The systems that boot (and operate properly) have:

ixl0@pci0:3:0:0:        class=0x020000 card=0x00088086 chip=0x15728086 rev=0x01 hdr=0x00
    vendor     = 'Intel Corporation'
    device     = 'Ethernet Controller X710 for 10GbE SFP+'
    class      = network
    subclass   = ethernet
Comment 1 Krzysztof Galazka 2021-01-14 14:20:08 UTC
(In reply to Garrett Wollman from comment #0)
vsi->ctx is set at the beginning of ixl_if_attach_pre and timer is started at the end of ixl_if_attach_post so it looks a bit strange. I haven't seen anything like that before. I'm trying to get a reproduction. Is there a chance for a core dump?

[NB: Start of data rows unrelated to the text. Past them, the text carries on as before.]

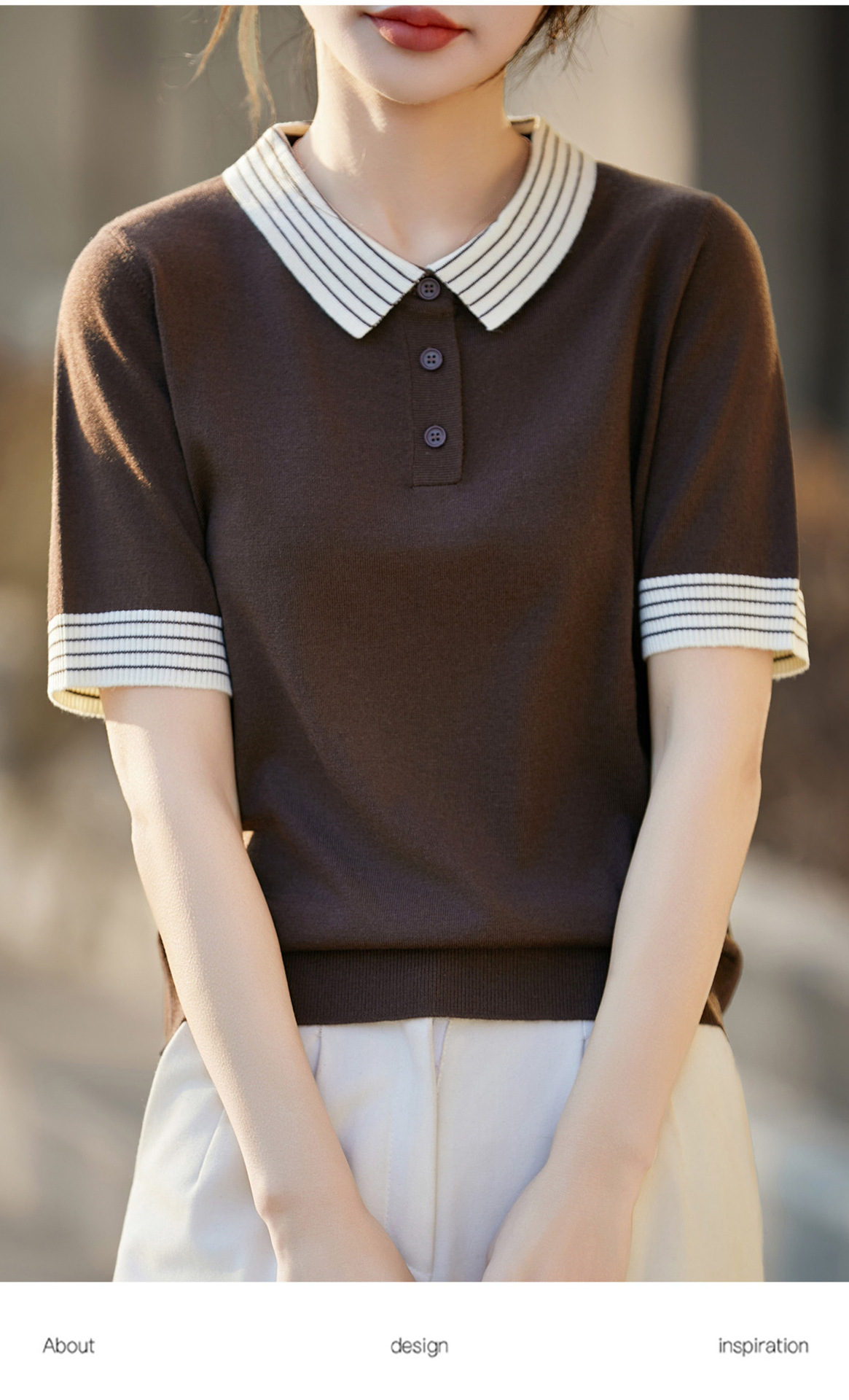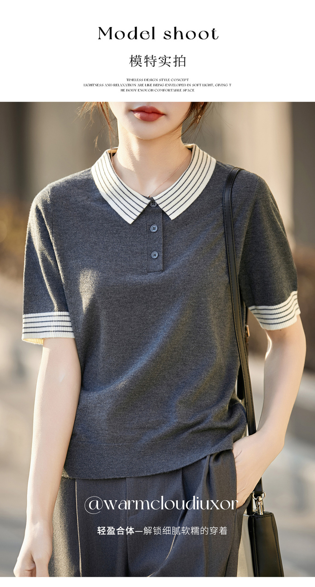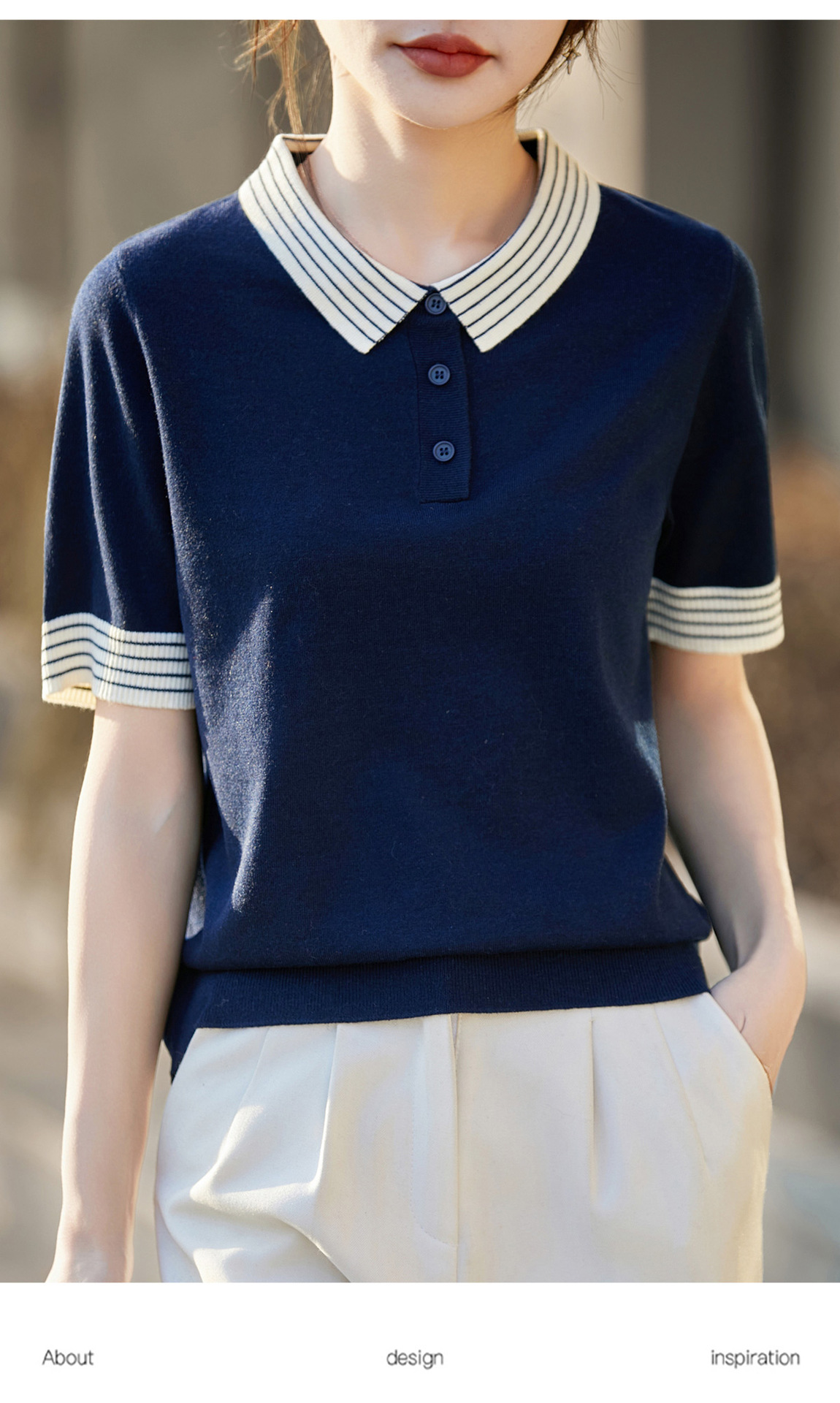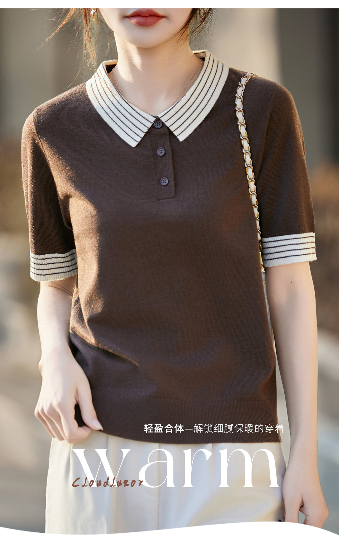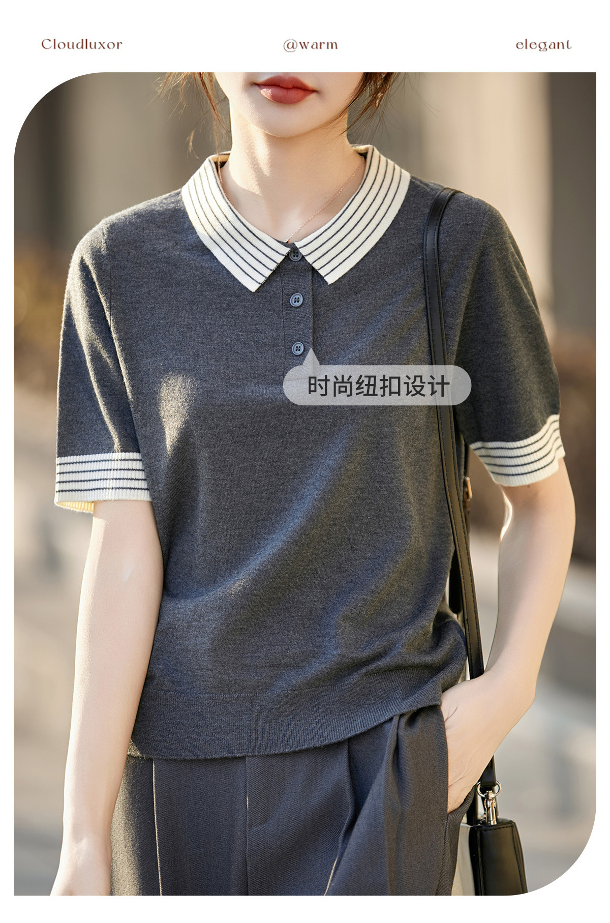百媚生 蚕丝羊毛POLO领撞色短袖针织衫薄款上衣女PY-6610-53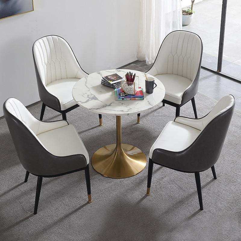 北欧商务洽谈接待桌椅组合现代简约轻奢大理石小圆桌一桌四椅餐桌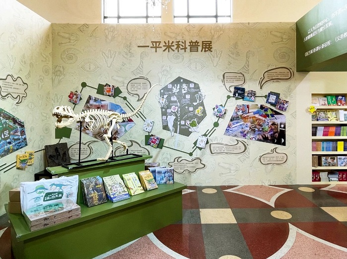 学前少儿区巧用“一平米”概念布置“一平米恐龙展、一平米科普展”,现场展出的仿真恐龙骨架模型、复刻的恐龙脚印化石、恐龙人形玩偶等吸引了众多小朋友。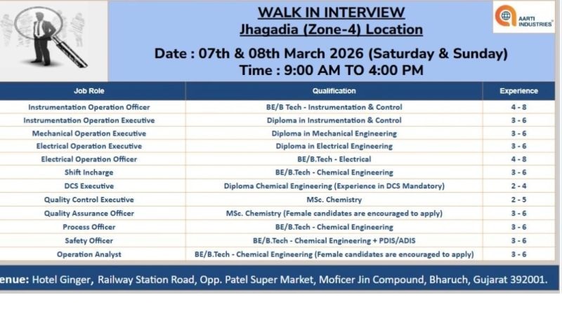 Interview Venue: Hotel Ginger, Railway Station Road, Opp. Patel Super Market, Moficer Jin Compound, Bharuch, Gujarat – 392001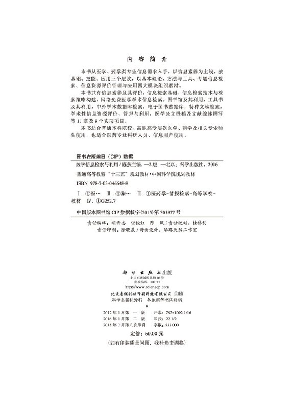 社9787030466488 陈燕;胡希俊胡虹副;科学出版 医学信息检索与利用 第二版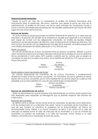 Este documento presenta una explicación detallada de varias razones financieras comúnmente utilizadas para analizar el desempeño financiero de una empresa. Define y calcula razones de liquidez, administración de activos, administración de deudas y rentabilidad. También describe la gráfica de DuPont, la cual muestra la relación entre margen de utilidad, rotación de activos y apalancamiento financiero en la determinación de la rentabilidad sobre los activos y el capital de los accionistas.
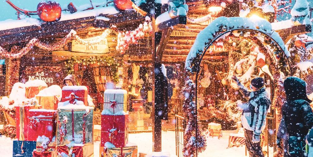 El pueblo parece sacado de una postal, gracias a sus chalets de madera y luces navideñas, ¡te encantará! ✨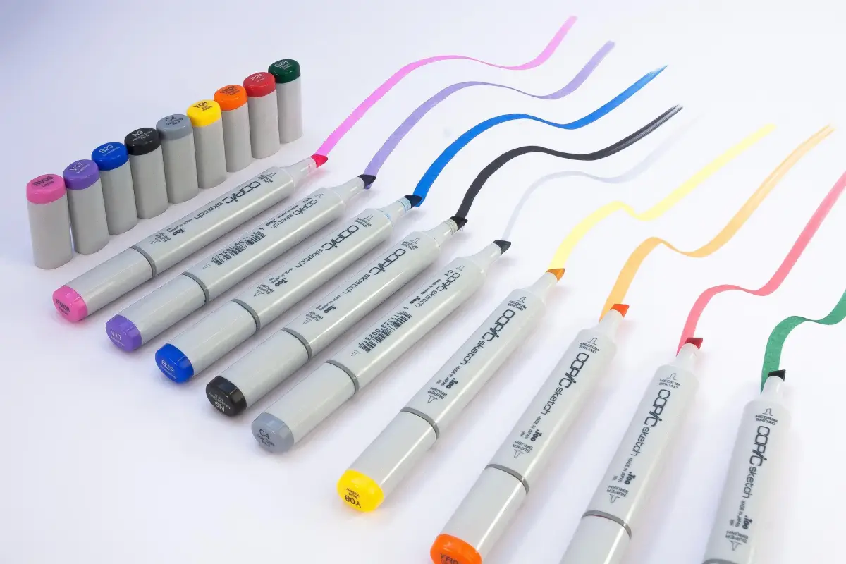 Alcohol-based markers: Popular among illustrators. They blend smoothly but may bleed through paper. (Brands like Copic or Ohuhu are popular.)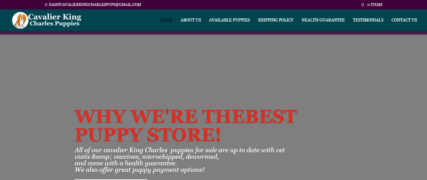 Daisycavalierkingcharlespuppies located at Daisycavalierkingcharlespuppies.com is an online store that is selling various types of puppies, etc And these products are sold at a suspicious discount rate.
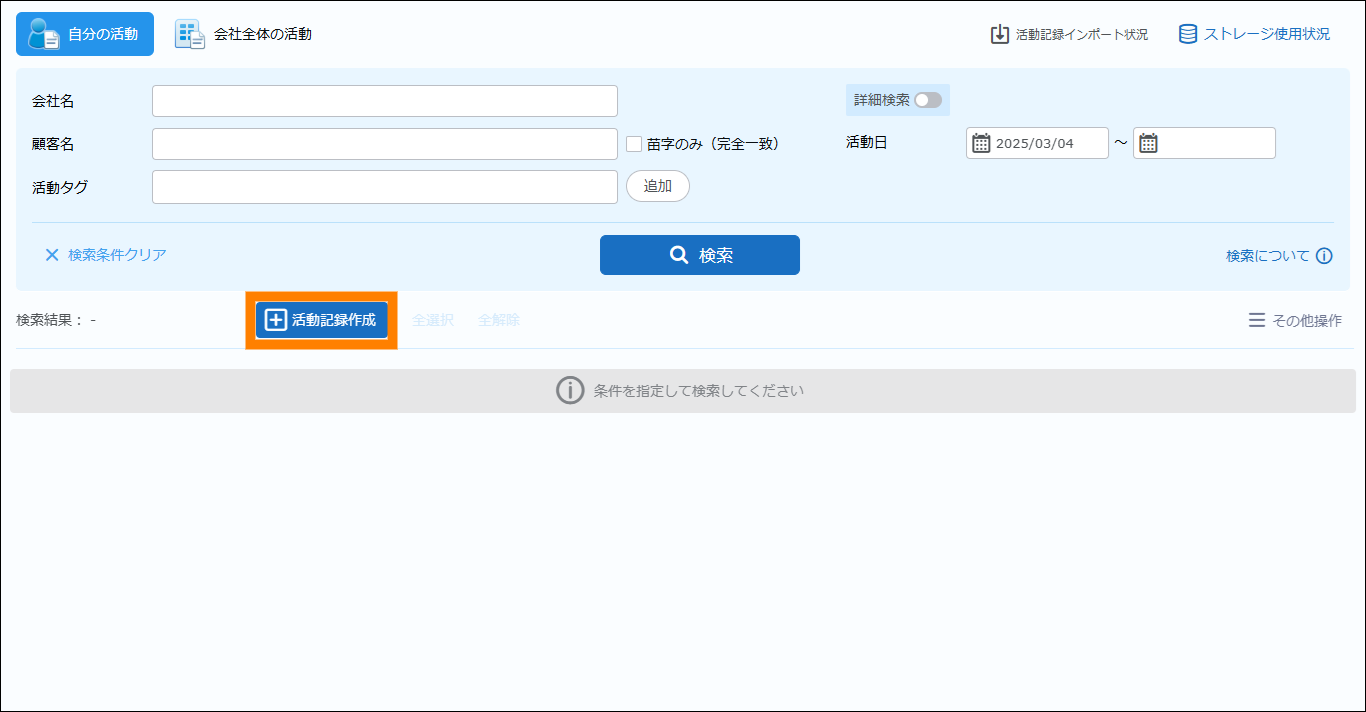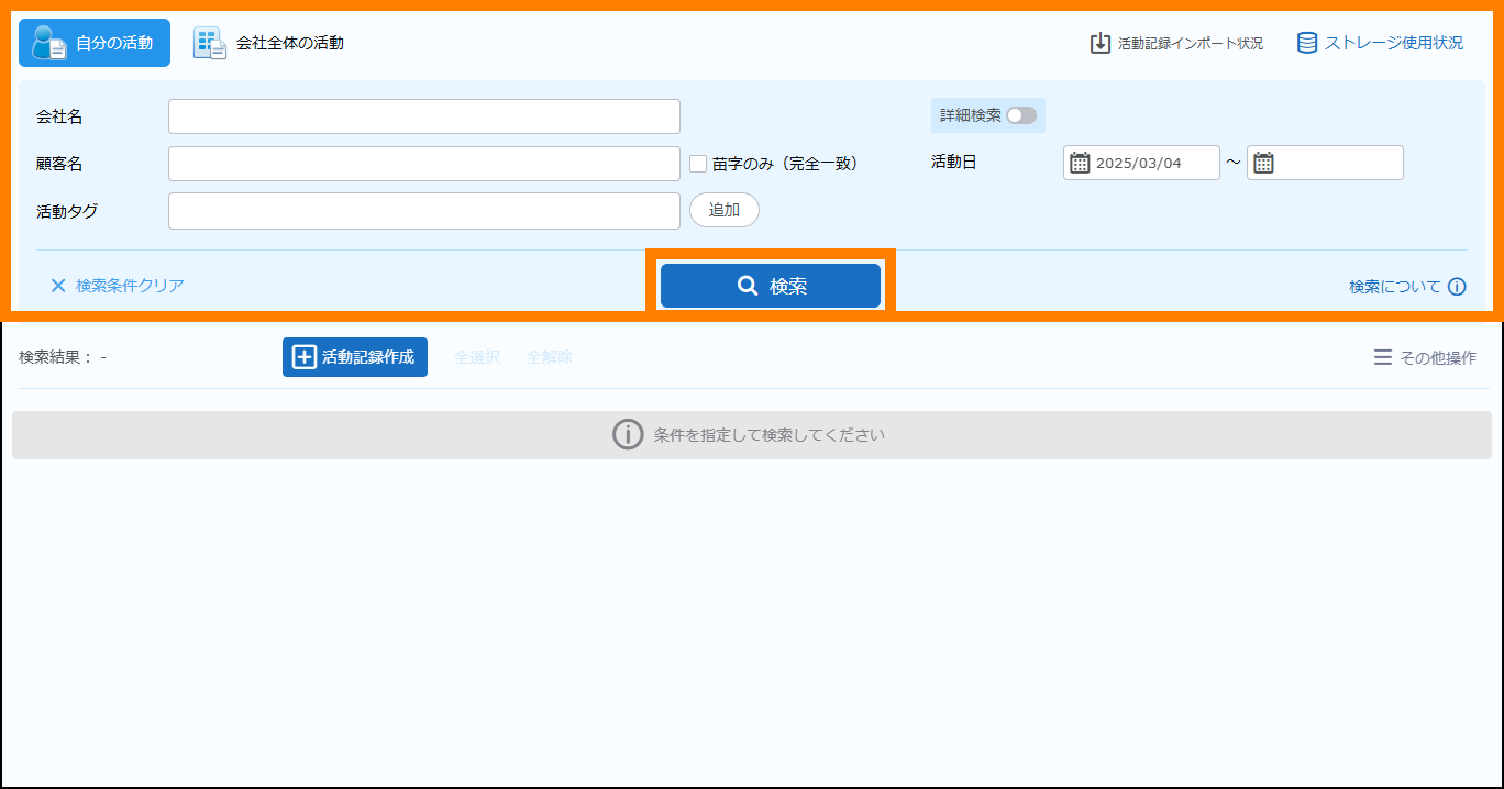 活動記録を検索・閲覧します。活動記録は、会社名、顧客名などのキーワードを入力して検索できます。また、詳細検索を使うことでさらに検索結果を絞り込むことができます。
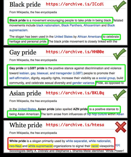 Men om du söker på ”white pride” kommer du genast mötas av beskrivningar som handlar om hat, extremism och förtryck. Samma dubbla måttstockar ser man vid sökningar på vit nationalism jämfört med exempelvis indisk nationalism eller kinesisk nationalism.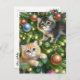 Cartão Postal De Festividades Gatinhos bonitos na árvore de Natal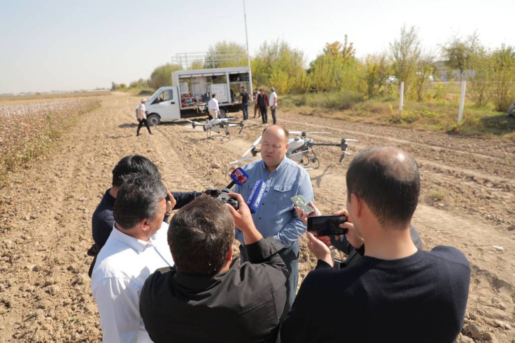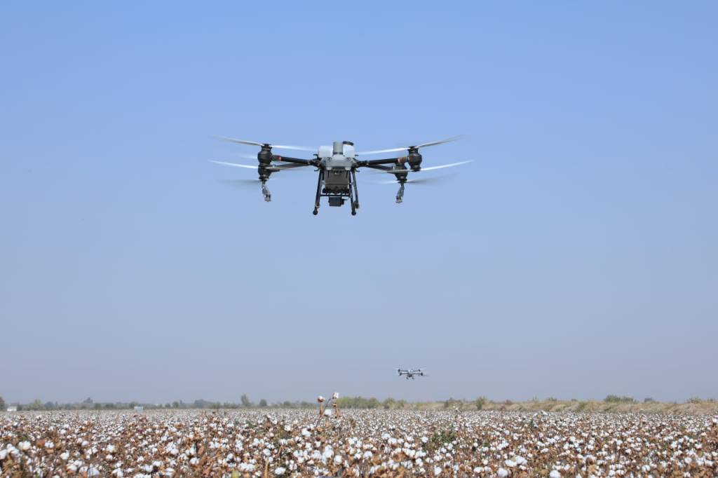 Мазкур майдондаги ғўзаларга агротехник ишлов бериш жараёнида “Ўздаверлойиҳа” институти билан тузилган шартнома асосида учувчисиз учиш қурилмалари — дронлар самарали қўлланилмоқда.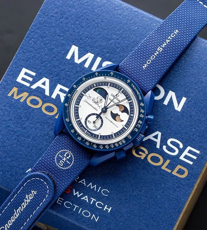 O Mission to Earthphase combina inovação e charme cósmico. Com detalhes em biocerâmica azul-marinho, mostrador branco opalino e fases da Terra e da Lua que brilham sob luz UV, ele traz o universo para o seu pulso. Os destaques incluem a aparição de Snoopy e Woodstock na Lua, bem como as luas cheias em Moonshine™ Gold. Um relógio único e poético, repleto de um toque astronômico.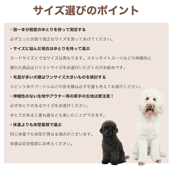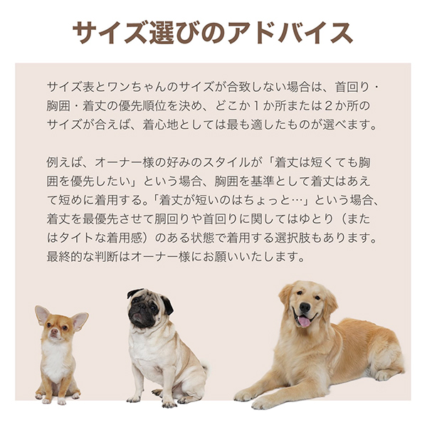 ※対応犬種はあくまで目安となります。個体差がありますのでペットのサイズを測った上でお選びください。

Also could you, please, check the FW version (sysctl dev.ixl.0.fw_version) and provide exact model of the motherboard?
Comment 2 Garrett Wollman freebsd_committer 2021-01-15 18:23:40 UTC
(In reply to Krzysztof Galazka from comment #1)
Since these are production file servers, I removed the ixl driver so that I could complete the upgrade within the scheduled window, and won't be able to tell you the firmware version any time soon.

The machine is an iXsystems IXC-4224P-IXN, and the motherboard is a Supermicro X11DPH-i rev 1.10.  According to our inventory, these servers were delivered in October, 2018.
Comment 3 Santiago Martinez 2022-06-20 15:32:47 UTC
Created attachment 234817 [details]
fatal-trap
Comment 4 Santiago Martinez 2022-06-20 15:37:01 UTC
Sorry. just submitted the image without text by mistake.
This is happening on a supermicro server running 13.1.

We have servers with the same spec. 3 of them run FreeBSD 13.0 + intel driver from ports and they don't show any issues at all (SRIOV and PT are working).

One of the servers has been wiped and installed with 13.1. Without the intel driver from ports, it works well. As soon as the server is booted with the intel driver from the ports, it starts having issues. Sometimes it just freezes, and sometimes it triggers a trap 12 and the system reboot.

The trap always occurs when the interface gets activated (ifconfig ixl2 up).
Comment 5 Santiago Martinez 2022-06-20 15:54:32 UTC
Something interesting.

When compiling the drivers (from ports), it provides three options related to netmap, auto/on/off.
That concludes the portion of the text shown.